# Tempt your Fate bad fates



## Noelle (Aug 21, 2009)

Here are the ones I'm using this year, most of them are from the boards though.. Good luck!


Hold hands for 15 seconds with the next person who talks to you. (Provide no explanation!)

Respond "that's what she said" to anything that is said to you for the next 10 minutes.

Ask each person in the room if there is anything you can get for them.

Pretend you really are whatever it is you came dressed as for the next half hour. (No explanation!)

Jump in a random conversation by saying, “Excuse me? Do you have any Grey Poupon?”

Walk up to someone as if you are about to say something to them, but instead, just take their drink (or treat) and walk away. (No explanation!)

Strut around the room and cluck like a chicken (and don’t forget to flap your wings).

Get everyone’s attention and sing the Barney song.

You need to be mummified. (Ask for details..)

Blow in someone’s ear that you don’t know very well. (No explanation!)

You become a cat for the next 10 minutes. Do not explain if asked about your behavior.

Do the limbo by yourself.. without a limbo stick.

Do not talk for 10 minutes. Do not explain if anyone asks.

Get at least 5 people’s attention and do an interpretive hula dance - with no music - for 1 minute.

Act like a rodeo cowboy for 1 minute. Make sure you yell "yeehaw" a lot.

Get at least 5 people’s attention and do a Halloween rap. Right. Now.

Attempt to bite the neck of the person closest to you.

Hitch a piggyback ride on someone, or get someone to hitch a piggyback ride on you.

Pick any inanimate object near you and try out your cheesiest pick-up line.

Find someone you don’t know and stare them in the eyes for 30 seconds (no talking or explaining!)

For the next 5 minutes, scream random words while talking.

Moonwalk across the room.

Repeat everything that is said to you for the next 5 minutes.

You develop a hunchback and one short leg for the next 5 minutes.

Select two people and accept a Truth-Or-Dare from each of them.

Be a mime in a box until someone lets you out.

When talking to people ask "is that your final answer?” before responding. (Only for the next 10 minutes!)

Scare the next person coming down (or going up) the stairs.

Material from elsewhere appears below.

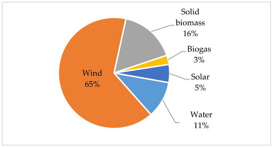 According to data from the end of 2019, the largest annual increase in the generated capacity was achieved by the photovoltaic sector, increasing the capacity of solar installations more than three times to 478 MW [7]. In this area, further growth can be expected, resulting from government co-financing programmes. An increase was also recorded in the energy generated from biomass. The situation of other sources whose capacity remains at the same level or falls (water energy) is unfavourable. The share of individual energy sources in the total capacity of RES installations in Poland is shown in Figure 2.

If they scream, you’ve done your job.

You’ve forgotten everyone’s names! Anyone that talks to you, call them by the name of “Brunhilda.”

Convince at least three people to go outside with you and look at the moon. (Do not tell them it’s for this game!)


----------



## tgoodman (Sep 25, 2009)

Look up "Minute to Win It" party game ideas, too. They're great to use for bad fates.


----------



## Haunt Brewing (Sep 26, 2010)

Do you have a theme you are going with? That could help the juices. Have anything about speaking in pig Latin, speaking in 3rd person, hopping on one foot, being sent to a corner, trying to get someone to say a word like "bubble" in normal conversation, following someone around the party, staring off to a random spot on the wall or ceiling until someone does it with you...that's all I got off the top of my head right now.


----------